Spaceballs affectionately takes the biggest film franchise down a notch

Every day, Watch This offers staff recommendations inspired by a new movie coming out that week. This week: Because it’s Star Wars Week here at the A.V. Club, we’ve singled out some of the more interesting movies inspired or influenced by George Lucas’ beloved space opera.

Spaceballs (1987)

Parodying the Star Wars franchise is like spraying graffiti on the side of the Death Star: It’s easy enough to do and basically harmless. The object of defacement is huge, impervious, and indifferent.
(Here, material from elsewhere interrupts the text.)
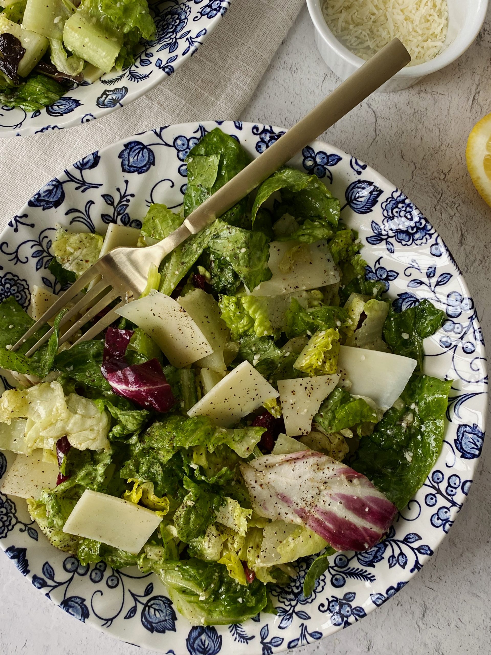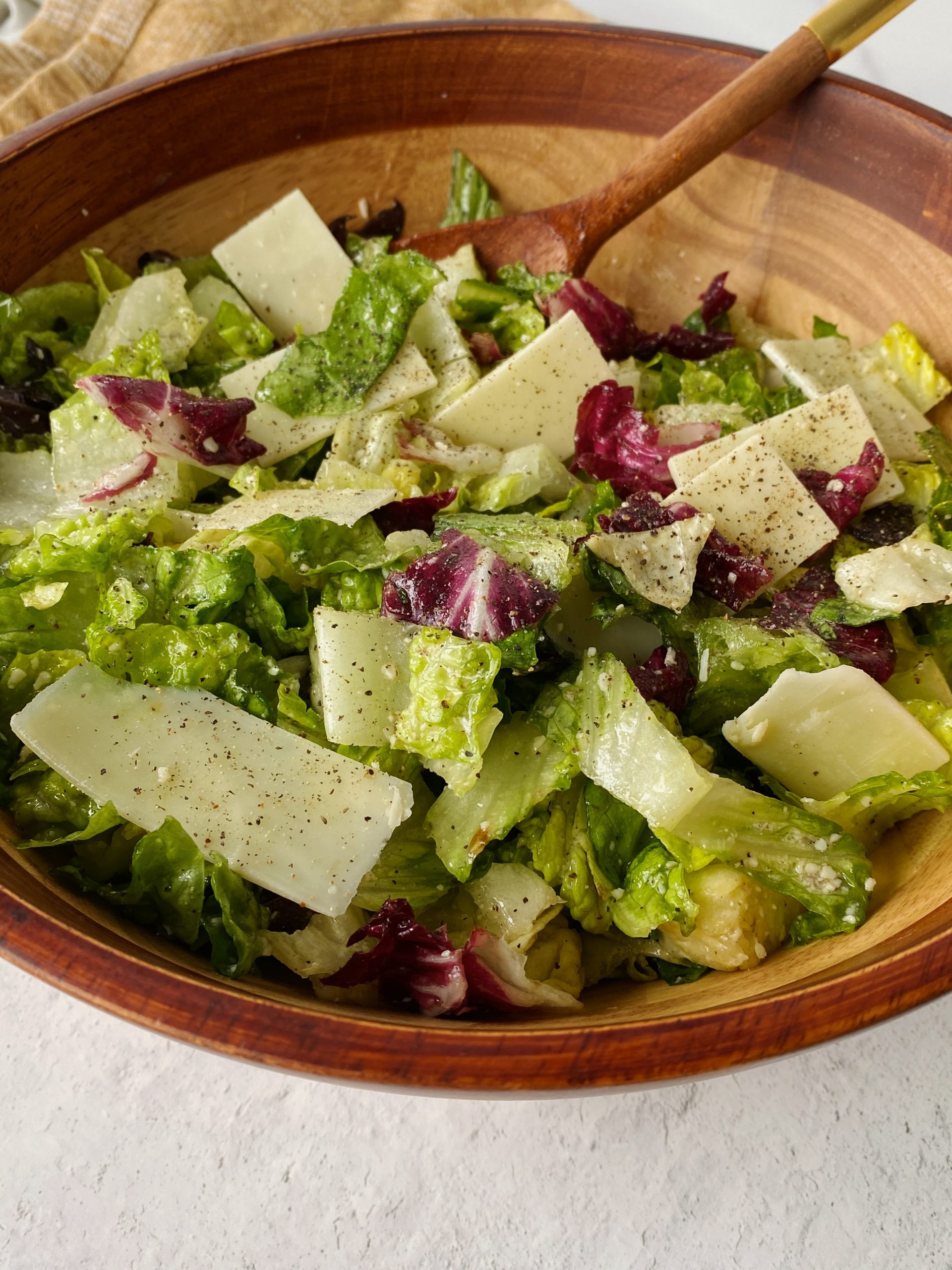 This lemony salad take 5 minutes to throw together, and is filled with freshly shaved parmesan. It’s flavorful, crunchy, and can be made with any greens of your choice.

It’s thus no surprise that Mel Brooks’ Spaceballs didn’t do much to undermine the popularity of its satirical target, even though a lot of its gags score direct, X-Wing-calibre hits against the goofiness of the Lucasfilm universe. When Dark Helmet (Rick Moranis) taunts Luke Skywalker stand-in Lonestar (Bill Pullman) by telling him that “Evil will always triumph, because Good is dumb,” it’s as if he’s speaking for every viewer who preferred the bleaker shades of The Empire Strikes Back to the crowd-pleasing banality of Return Of The Jedi.
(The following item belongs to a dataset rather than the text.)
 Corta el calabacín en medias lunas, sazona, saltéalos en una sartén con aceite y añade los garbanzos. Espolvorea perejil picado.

Spaceballs is obviously an affectionate riff and the old high-shticker Brooks has never really embraced the dark side of comedy. Leaving aside the savagery of The Producers (1968) and its hysterical depiction of the commodification of Nazism, he’d rather poke fun than skewer sacred (cash) cows all the way through. With Spaceballs, he brought his brand of Hollywood spoofery more up-to-date than it had ever been. Previous hits like Young Frankenstein (1974) and High Anxiety (1977) were snarky love letters to the studio-era horror and suspense classics that had fueled the director’s youthful movie-going imagination. Making fun of the state-of-the-art FX of Star Wars and its sequels was Brooks’ chance to reach out across the generational aisle and stick it to his kids.

The broad, mythological outlines of the trilogy’s plot gave him plenty of space to scribble jokes in the margins. In his vision, the Empire was replaced by a gaggle of prissy technocrats whose leader, President Skroob (played by Brooks) is a dumpy stooge presiding over a spaceship whose sheer size has become a liability—a well-landed jab against the gigantism of the series itself. “If I walk, the movie will be over,” moans Skroob after he’s had to run all the way through his vessel’s endless corridors.
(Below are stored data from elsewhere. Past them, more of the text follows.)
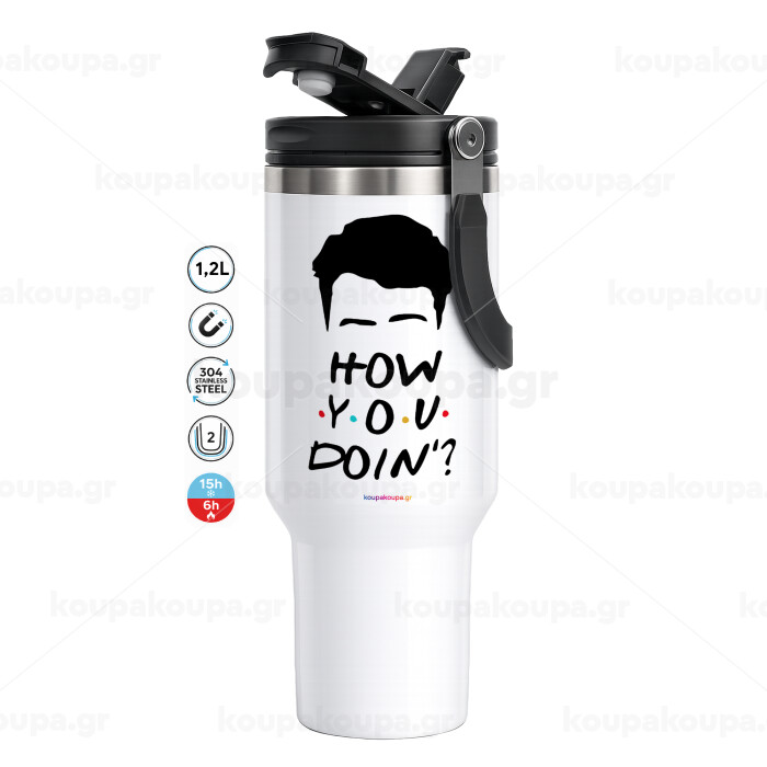 Friends how you doin?, Mega Stainless steel Tumbler with lid, double wall 1,2L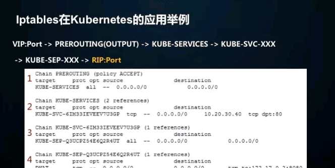 那么,在 Kubernetes 里面是怎么用 Iptables 来实现负载均衡呢?来看一个实际的例子。在 Kubernetes 中,从VIP到RIP,中间经过的Iptables链路包括:PREROUTING/OUTPUT(取决于流量是从本机还是外机过来的)-> KUBE-SERVICES(所有 Kubernetes 自定义链的入口)->KUBE-SVC-XXX(后面那串 hash 值由 Service 的虚 IP 生成)->KUBE-SEP->XXX(后面那串 hash 值由后端 Pod 实际 IP 生成)。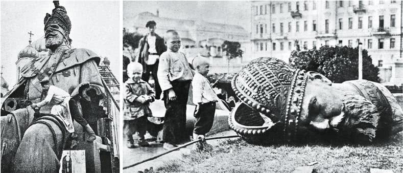 Рис. 15, 16. В июле 1918 г. в Москве был снесен памятник императору Александру III, открытый в 1912 г. рядом с храмом Христа Спасителя. С государя «сняли» мантию. Затем ему отбили голову с короной и руки со скипетром и державой. На пустом постаменте установили картуш работы Веры Мухиной с надписью: «Здесь будет сооружен памятник "Освобожденный труд"». Однако это намерение так и не осуществилось, а постамент, оставшийся от монумента, уничтожили в 1931 г. вместе с храмом

Brooks also plays the quasi-Jedi master “Yogurt,” who explains that the secret at the heart of the universe is brand extension. He shows the heroes a roomful of shiny new Spaceballs products and prophecies a sequel with the subtitle “The Search For More Money.” Star Trek and its fans takes their licks here, along with Alien, 2001: A Space Odyssey, Planet Of The Apes, Max Headroom, and, um, Franz Kafka—Brooks has always been great at shifting from ruthlessly specific re-creations to a more generalized form of generic mockery. What’s funniest about Spaceballs is the way it filters the Star Wars films’ wide-eyed, earnest mysticism through the jaundiced, seen-it-all perspective of showbiz lifers—hence the presence of Joan Rivers as a distaff C-3PO clone who throws sarcastic zingers into the mix. “This is my virgin alarm,” she tells the sorta Leia-ish princess Vespa (Daphne Zuniga) when the latter seems to be falling for Lonestar’s Han Solo seducer act. “It’s programmed to go off before you do.”

Spaceballs wasn’t one of Brooks’ great successes, but it’s endured in the shadow of Star Wars as a lone “official” parody version. In retrospect, its comic deconstruction of the most successful movies of all time looks more respectful than Lucas’ own prequels, which ultimately seemed to understand less about the appeal (and pitfalls) of their source material. Certainly, George Lucas had good intentions when he tried to redo his own greatest hits, but as Spaceballs teaches us, good is often very, very dumb.

Availability: Spaceballs is available on DVD, Blu-Ray, digital streaming, and Instant Cassettes (they’re in stores before the film is over).